What you have to do:
After locating the line that contains "我喜歡一個人露營,帳篷裡擺著" in the records below, write out exactly that line and each line after it through the one that contains "这是一家温柔而治愈系的奶油风", and nothing else.

The records:
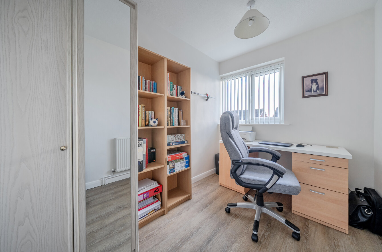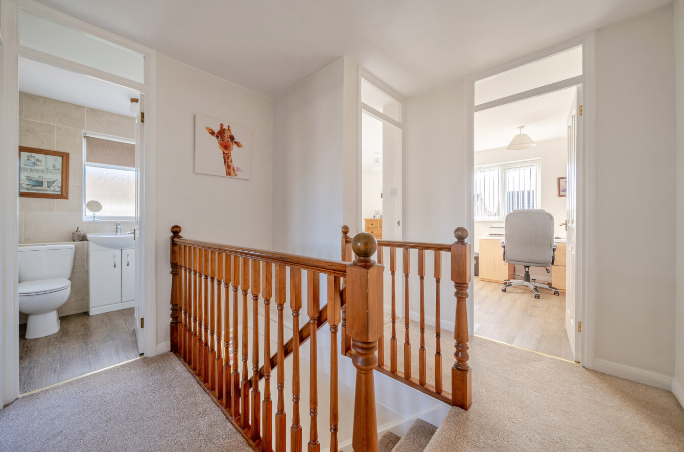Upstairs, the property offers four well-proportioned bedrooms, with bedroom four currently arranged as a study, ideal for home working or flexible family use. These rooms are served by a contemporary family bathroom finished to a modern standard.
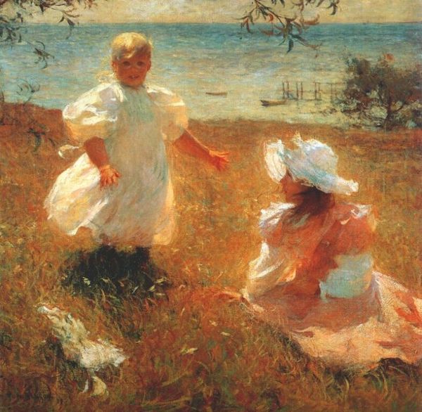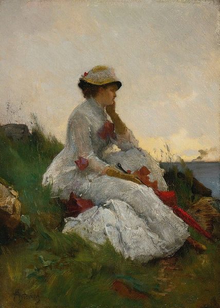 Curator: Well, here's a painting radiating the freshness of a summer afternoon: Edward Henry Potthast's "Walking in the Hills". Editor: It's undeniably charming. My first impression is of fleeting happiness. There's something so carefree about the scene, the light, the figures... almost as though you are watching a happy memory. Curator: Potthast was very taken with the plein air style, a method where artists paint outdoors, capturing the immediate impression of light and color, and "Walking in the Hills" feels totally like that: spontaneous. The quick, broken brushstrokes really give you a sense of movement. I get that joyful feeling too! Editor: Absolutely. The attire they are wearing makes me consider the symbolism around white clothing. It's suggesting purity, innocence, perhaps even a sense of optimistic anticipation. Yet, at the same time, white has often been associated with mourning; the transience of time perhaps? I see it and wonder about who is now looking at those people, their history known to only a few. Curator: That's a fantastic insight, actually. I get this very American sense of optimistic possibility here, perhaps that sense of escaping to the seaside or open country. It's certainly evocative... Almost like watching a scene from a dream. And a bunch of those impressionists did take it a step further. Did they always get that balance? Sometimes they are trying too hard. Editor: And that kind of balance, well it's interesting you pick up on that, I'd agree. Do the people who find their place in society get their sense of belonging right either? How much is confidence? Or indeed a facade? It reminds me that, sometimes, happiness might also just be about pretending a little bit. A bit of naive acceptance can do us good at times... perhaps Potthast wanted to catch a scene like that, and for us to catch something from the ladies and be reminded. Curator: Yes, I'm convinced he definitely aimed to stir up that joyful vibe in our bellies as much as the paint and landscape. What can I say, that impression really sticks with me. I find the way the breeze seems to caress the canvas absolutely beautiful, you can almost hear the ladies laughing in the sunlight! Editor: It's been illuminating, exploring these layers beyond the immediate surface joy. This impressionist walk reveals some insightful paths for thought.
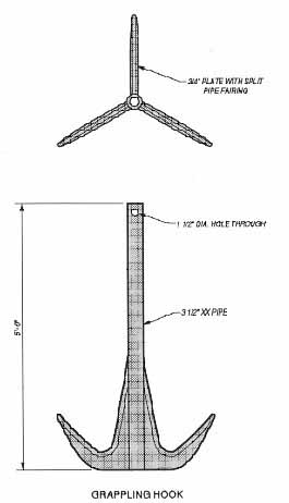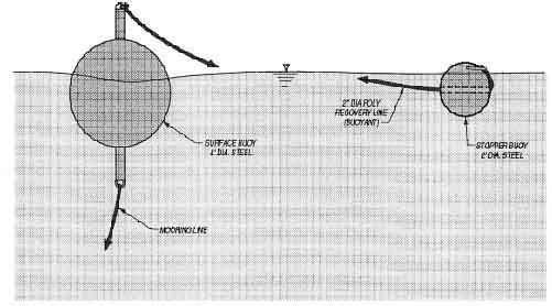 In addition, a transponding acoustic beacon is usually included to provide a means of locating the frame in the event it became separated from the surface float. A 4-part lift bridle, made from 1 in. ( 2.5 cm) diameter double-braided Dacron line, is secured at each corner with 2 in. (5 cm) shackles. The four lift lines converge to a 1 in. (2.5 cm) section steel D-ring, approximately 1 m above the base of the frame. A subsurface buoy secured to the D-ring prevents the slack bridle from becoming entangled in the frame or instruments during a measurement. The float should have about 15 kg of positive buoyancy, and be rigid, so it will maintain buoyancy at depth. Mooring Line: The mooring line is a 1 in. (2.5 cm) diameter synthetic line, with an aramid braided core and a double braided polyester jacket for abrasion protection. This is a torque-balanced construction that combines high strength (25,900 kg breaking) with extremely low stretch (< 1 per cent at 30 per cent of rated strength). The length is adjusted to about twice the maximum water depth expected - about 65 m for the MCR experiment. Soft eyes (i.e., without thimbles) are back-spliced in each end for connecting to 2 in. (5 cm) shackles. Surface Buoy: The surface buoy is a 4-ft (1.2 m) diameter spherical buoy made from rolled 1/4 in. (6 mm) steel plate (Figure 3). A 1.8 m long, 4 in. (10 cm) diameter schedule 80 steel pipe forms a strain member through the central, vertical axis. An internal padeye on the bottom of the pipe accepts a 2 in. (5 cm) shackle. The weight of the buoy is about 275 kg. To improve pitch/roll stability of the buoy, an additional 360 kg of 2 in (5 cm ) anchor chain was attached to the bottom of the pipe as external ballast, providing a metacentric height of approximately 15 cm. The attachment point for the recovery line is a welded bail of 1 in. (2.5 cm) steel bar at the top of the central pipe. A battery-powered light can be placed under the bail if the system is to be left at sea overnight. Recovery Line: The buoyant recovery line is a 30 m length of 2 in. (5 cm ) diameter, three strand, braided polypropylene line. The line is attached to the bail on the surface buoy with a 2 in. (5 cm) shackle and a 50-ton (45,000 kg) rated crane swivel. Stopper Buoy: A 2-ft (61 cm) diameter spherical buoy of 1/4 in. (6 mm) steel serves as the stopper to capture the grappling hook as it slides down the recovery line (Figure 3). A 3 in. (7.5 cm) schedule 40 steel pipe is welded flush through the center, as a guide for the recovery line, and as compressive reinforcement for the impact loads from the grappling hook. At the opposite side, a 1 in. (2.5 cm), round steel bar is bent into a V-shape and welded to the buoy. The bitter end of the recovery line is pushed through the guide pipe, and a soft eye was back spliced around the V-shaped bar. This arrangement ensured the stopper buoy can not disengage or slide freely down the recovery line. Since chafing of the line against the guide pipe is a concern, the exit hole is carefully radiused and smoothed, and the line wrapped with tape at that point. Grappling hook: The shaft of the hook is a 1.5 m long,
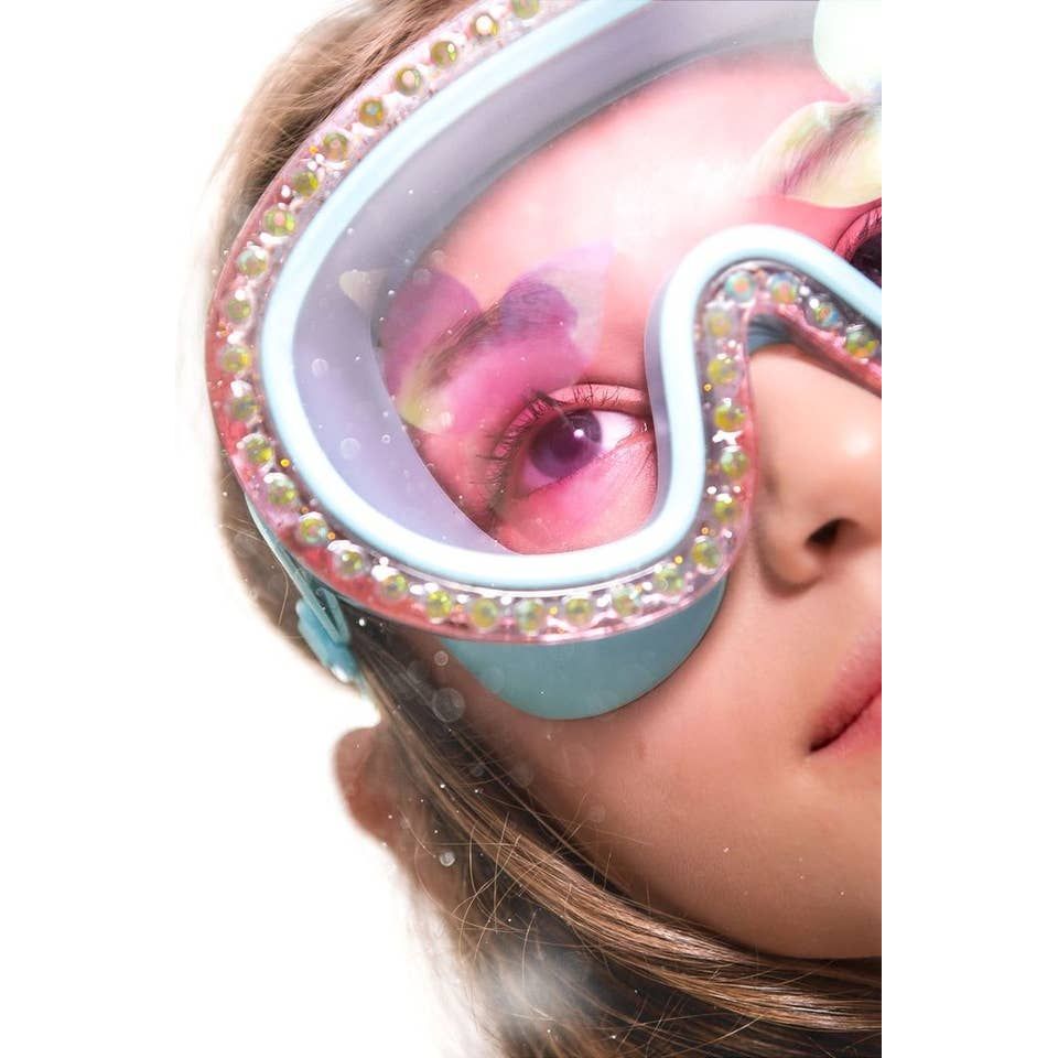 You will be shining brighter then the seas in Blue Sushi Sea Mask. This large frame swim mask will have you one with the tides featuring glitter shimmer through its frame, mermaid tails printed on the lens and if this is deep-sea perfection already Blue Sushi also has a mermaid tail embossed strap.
--
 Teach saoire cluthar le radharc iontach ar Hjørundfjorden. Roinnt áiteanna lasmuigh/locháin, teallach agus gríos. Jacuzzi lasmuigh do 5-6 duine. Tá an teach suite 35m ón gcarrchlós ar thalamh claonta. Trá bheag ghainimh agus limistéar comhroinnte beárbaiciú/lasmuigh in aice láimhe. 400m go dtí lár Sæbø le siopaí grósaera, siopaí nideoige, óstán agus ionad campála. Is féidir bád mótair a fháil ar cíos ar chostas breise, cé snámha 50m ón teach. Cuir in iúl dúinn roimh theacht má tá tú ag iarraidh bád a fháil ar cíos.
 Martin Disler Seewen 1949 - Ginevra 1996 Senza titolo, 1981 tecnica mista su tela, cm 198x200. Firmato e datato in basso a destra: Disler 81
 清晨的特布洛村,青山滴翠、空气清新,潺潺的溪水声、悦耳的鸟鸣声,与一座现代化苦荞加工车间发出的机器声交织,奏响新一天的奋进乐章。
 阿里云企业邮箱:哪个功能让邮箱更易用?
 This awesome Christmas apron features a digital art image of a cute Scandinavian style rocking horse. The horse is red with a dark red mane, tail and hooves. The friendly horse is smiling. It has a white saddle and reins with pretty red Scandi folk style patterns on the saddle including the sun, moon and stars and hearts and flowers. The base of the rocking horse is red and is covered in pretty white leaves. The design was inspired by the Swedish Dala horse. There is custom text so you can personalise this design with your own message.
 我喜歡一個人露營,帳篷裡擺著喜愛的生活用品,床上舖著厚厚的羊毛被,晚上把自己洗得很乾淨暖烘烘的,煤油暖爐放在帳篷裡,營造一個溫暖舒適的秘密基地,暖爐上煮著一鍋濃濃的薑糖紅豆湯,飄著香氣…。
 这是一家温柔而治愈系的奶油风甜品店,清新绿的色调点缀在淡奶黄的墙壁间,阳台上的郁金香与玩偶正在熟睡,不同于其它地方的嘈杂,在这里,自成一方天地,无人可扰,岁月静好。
==
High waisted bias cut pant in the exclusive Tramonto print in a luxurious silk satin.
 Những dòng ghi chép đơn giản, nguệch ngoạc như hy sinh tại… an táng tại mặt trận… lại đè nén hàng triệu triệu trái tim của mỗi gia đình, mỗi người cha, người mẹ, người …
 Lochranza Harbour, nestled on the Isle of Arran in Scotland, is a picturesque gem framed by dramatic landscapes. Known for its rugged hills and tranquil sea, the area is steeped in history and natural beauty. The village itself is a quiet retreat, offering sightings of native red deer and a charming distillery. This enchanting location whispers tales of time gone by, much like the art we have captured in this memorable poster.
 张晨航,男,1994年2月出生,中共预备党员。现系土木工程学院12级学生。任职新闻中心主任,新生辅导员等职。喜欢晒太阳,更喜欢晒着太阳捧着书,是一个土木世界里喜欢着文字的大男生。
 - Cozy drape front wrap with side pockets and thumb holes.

Expected answer:
 我喜歡一個人露營,帳篷裡擺著喜愛的生活用品,床上舖著厚厚的羊毛被,晚上把自己洗得很乾淨暖烘烘的,煤油暖爐放在帳篷裡,營造一個溫暖舒適的秘密基地,暖爐上煮著一鍋濃濃的薑糖紅豆湯,飄著香氣…。
 这是一家温柔而治愈系的奶油风甜品店,清新绿的色调点缀在淡奶黄的墙壁间,阳台上的郁金香与玩偶正在熟睡,不同于其它地方的嘈杂,在这里,自成一方天地,无人可扰,岁月静好。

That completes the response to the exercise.